Efficiency of memmove vs. generic typed copy

Sun Dec 11 10:38:00 GMT 2005

Gabriel Dos Reis wrote:

>Do we have evidence that code B is generally faster than code A for
>the majority of say primary platforms?
>  
>
A few days ago I had your very same curiosity. I haven't done extensive
tests, in particular not checked carefully the effects of restrict, but
two points seemed obvious:
1- For short copies, say, less than ~100 chars, the open coded loop was
*much* faster.
2- For long copies, memcpy was a win, probably not by the same margin,
but a clear win.

An additional consideration is that memcpy, as provided by glibc, for
example, depends on the target. For example, there are certainly targets
providing versions specially optimized for short copies, e.g., x86_64.
This issue with short vs long I already noticed a lot of time ago and I
can verify it in almost any benchmark I do, on a daily basis, at least
on x86 and x86_64 (and tell libcs optimized for short copies).
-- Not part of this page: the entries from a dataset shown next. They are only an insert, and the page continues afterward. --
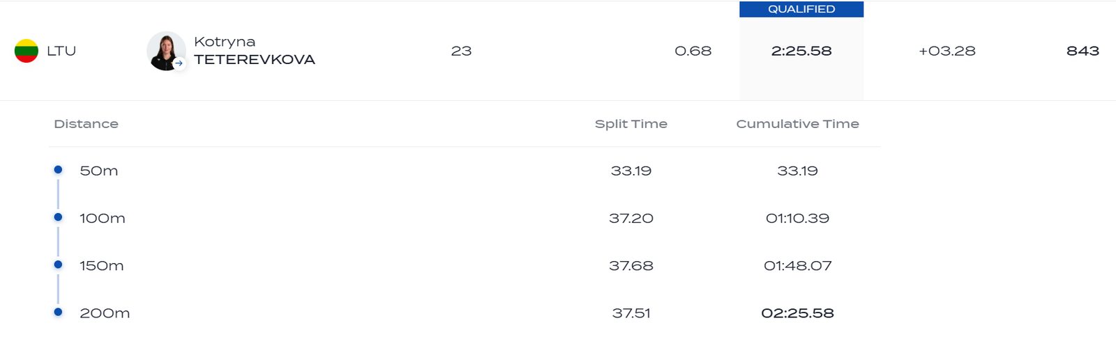 „Maksimaliai nespaudžiau, nes kaip ir buvau užtikrinta dėl patekimo į pusfinalį, norėjau iš karto neišsikrauti ir pataupyti jėgas. Labai sunku vertinti rytą, nes gali būti apgaulinga – vienos plaukia greitai ir galbūt yra pavargusios, kitos – kaip tik tauposi ir tik neparodo rezultato“, – sakė K. Teterevkova.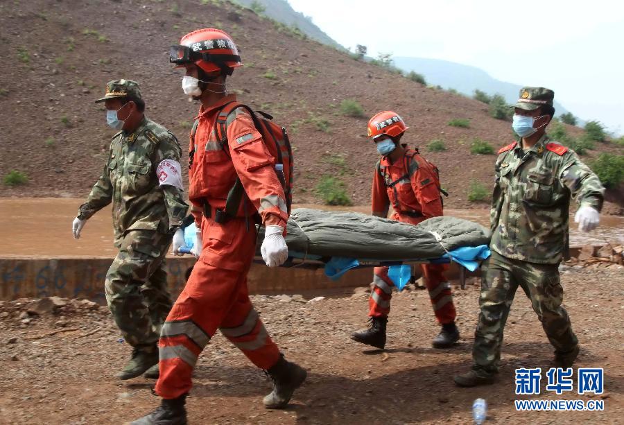 8月8日,救援人员将谢樵的遗体打捞上岸后准备送回龙头山镇。经过昼夜搜寻,8月4日在龙头山镇光明村附近堰塞湖因抢险救灾失踪的武警云南边防总队战士谢樵遗体8日9时45分在在湖面被发现并已打捞上岸。谢樵的遗体被战友们护送返回龙头山镇部队驻地。武警云南边防总队在灾区驻地为谢樵举行了简单而庄重的战地告别仪式。 新华社发(李善明摄)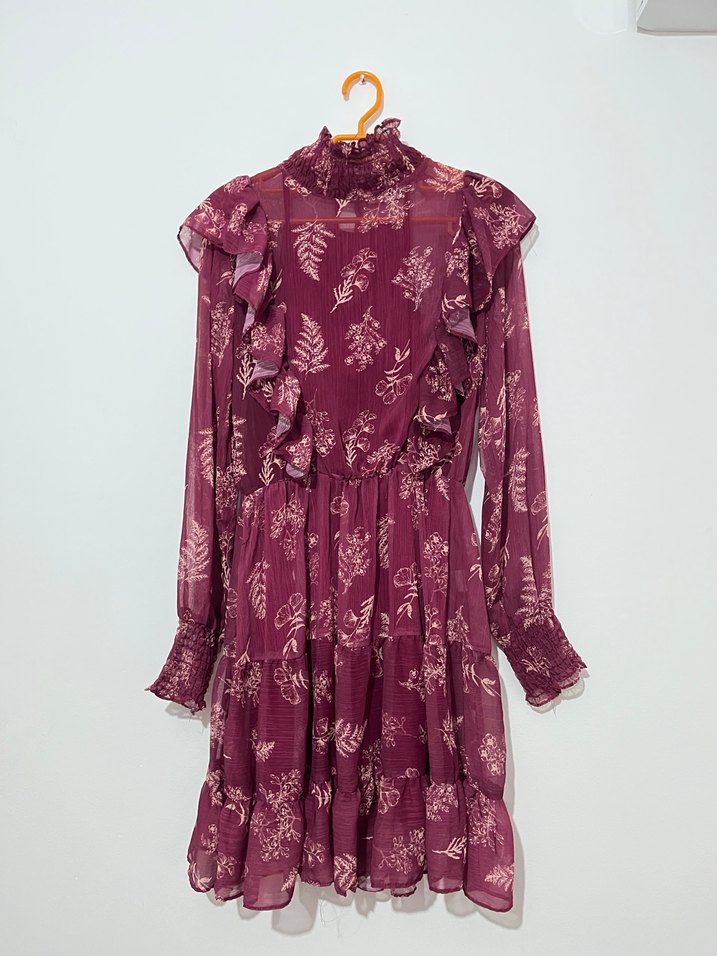 Bordo renkli, uzun kollu ve yüksek yakalı kız elbisesi. Fırfır detayları ve bol kesimiyle bohem tarzı yansıtıyor, koyu tonlu batik desenlidir.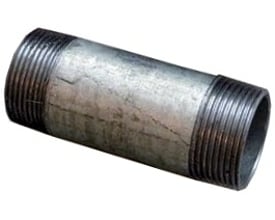142. Galvaniseret nippelrør i stål med R-gevind i begge ender, 40 mm langt og 1" i diameter.Galvanisert tønnenippel 40 mm, ᴿ1" x ᴿ1"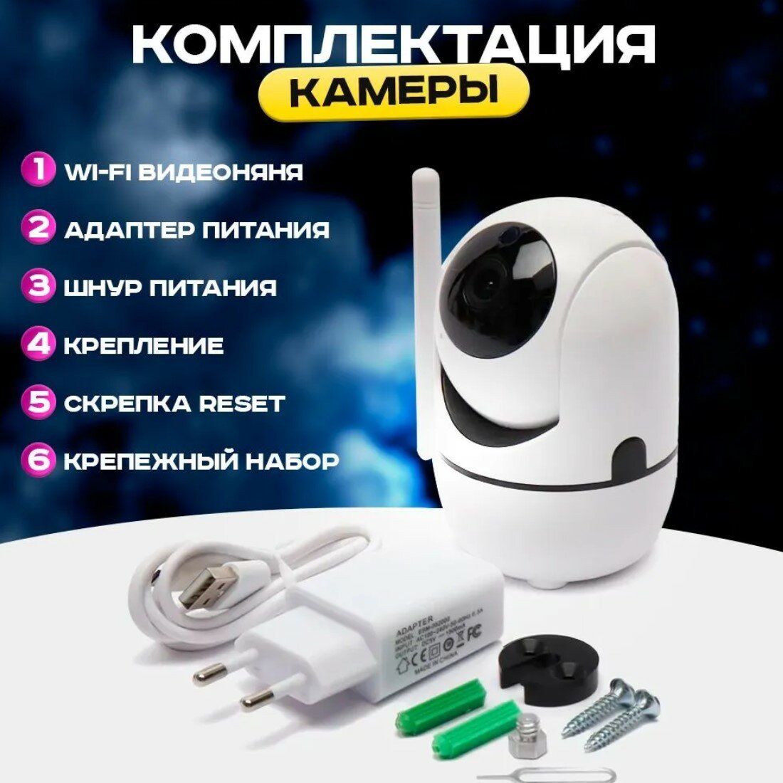 IP-камера видеонаблюдения Wi-Fi для дома с обзором 360 градусов белая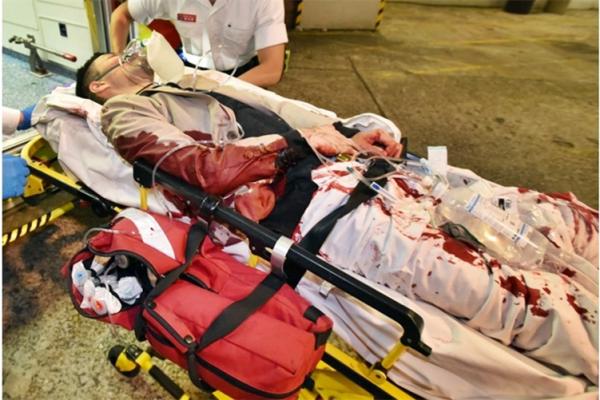 【橙訊】一名25歲男子昨晚在旺角西洋菜南街兆萬中心對開,懷疑被4名男子斬傷,身體多處受傷,滿身鮮血,半昏迷送院搶救,現場留下大攤血跡。刀手行兇後登上一輛私家車逃去。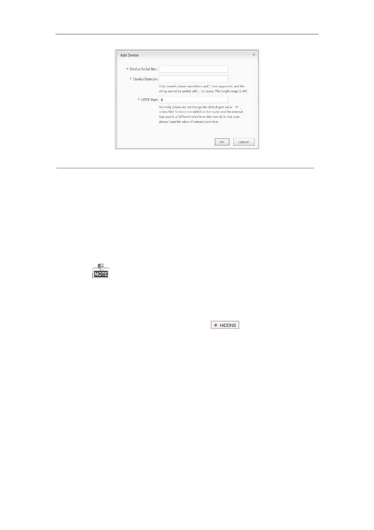 4) Input Device Serial No., Device Domain (Device Name) and HTTP Port. And click OK to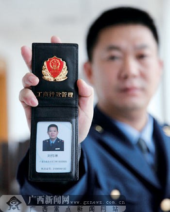 广西新闻网南宁讯(记者刘琼)1月15日,自治区工商局举行换发新版执法证新闻发布会暨宣誓仪式。记者从新闻发布会上了解到,广西共有9140名工商执法人员领取新版执法证,新版执法证将于2月1日正式启用。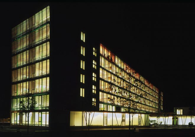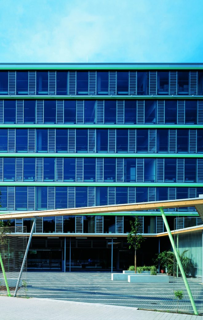 Zur stark befahrenen Ludwig-Erhardt-Allee sind ausschließlich Erschließungs- und Kommunikationszonen in einer gebäudehohen verglasten Halle mit Galerien, offenen Treppen, Aufenthalts- und Arbeitsbereichen orientiert.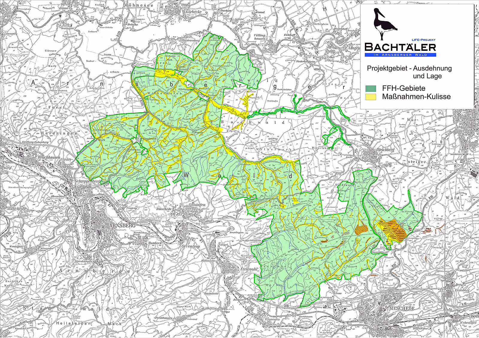 Für das Projekt im Kreis Soest und im Hochsauerlandkreis stehen Mittel in Höhe von insgesamt 1,1 Mio. Euro zur Verfügung, welche zu 50 Prozent von der Europäischen Union und zu 45 Prozent vom Land NRW erbracht werden. Die restlichen fünf Prozent werden von den Projektpartnern finanziert. Das Gebiet umfasst die FFH-Gebiete "Arnsberger Wald", "Heveoberlauf", "Kleine Schmalenau und Hevesee" sowie "Hamorsbruch und Quellbäche". Mit 1.300 Hektar umfasst es große Teile der Bachtäler und Moore der vier FFH-Gebiete, die zusammen eine Fläche von 8.504 Hektar bilden. Maßnahmen des LIFE-Projektes werden ausschließlich auf Flächen in öffentlichem Besitz durchgeführt (Land NRW und Stadt Meschede). Das Projekt läuft vom 2. Januar 2009 bis zum 31. März 2014. Der überwiegende Teil des Projektgebietes wird forstlich genutzt. Rund 97 Prozent der Fläche ist Wald, davon 48 Prozent Laubwald, zwei Prozent Mischwald und 47 Prozent Nadelwald, zumeist Fichte. Etwa ein Prozent der Fläche sind Moor- und Sumpfstandorte. Das Gebiet zeichnet sich durch ausgedehnte Vorkommen von verschiedenen, natürlichen Waldgesellschaften, wie zum Beispiel Hainsimsen-Buchenwäldern oder Erlen-Eschenwäldern, sowie vielen naturnahen Bachabschnitten aus. Ein Schwerpunkt des Projektes sind Maßnahmen, die die natürlichen Lebensräume und Lebensgemeinschaften der Mittelgebirgsbachtäler entwickeln sollen. Innerhalb der Projektkulisse befinden sich Fließgewässer mit einer Gesamtlänge von mehr als 30 Kilometern. Ein Teil der Bäche befindet sich bereits in einem naturnahen Zustand. Andere Gewässer wurden in der Vergangenheit begradigt, ihre Ufer befestigt und ihre Auen durch Entwässerungsgräben trocken gelegt. Die Auen wurden in erheblichem Umfang mit Fichten aufgeforstet, die die Gewässer ausdunkeln und die Lebensraumqualität einschränken. Ziel der wasser- und waldbaulichen Maßnahmen im Rahmen des LIFE-Projektes ist eine Strukturanreicherung in den Gewässern sowie die Wiederherstellung einer naturnahen Fließgewässerdynamik und der Bach begleitenden Auen auf einer Fläche von rund 150 Hektar. |

Of course the above considerations are relative to an operation
eventually handed essentially as-is to libc, I'm not talking about
special cases when the effect of the compiler on the recognized builtin
is clearly evident, e.g., number of chars known at compile time, which
can be optimized much, much better than the general one (noticed a few
weeks ago for string::swap, remember?)

I think we (as library implementors) should look much more into the
details, however, I'm not sure we can easily figure out a good strategy
completely target-independent... At least, it will take some time, maybe
better dealing with the general valarray problems first, IMHO ;)

Paolo.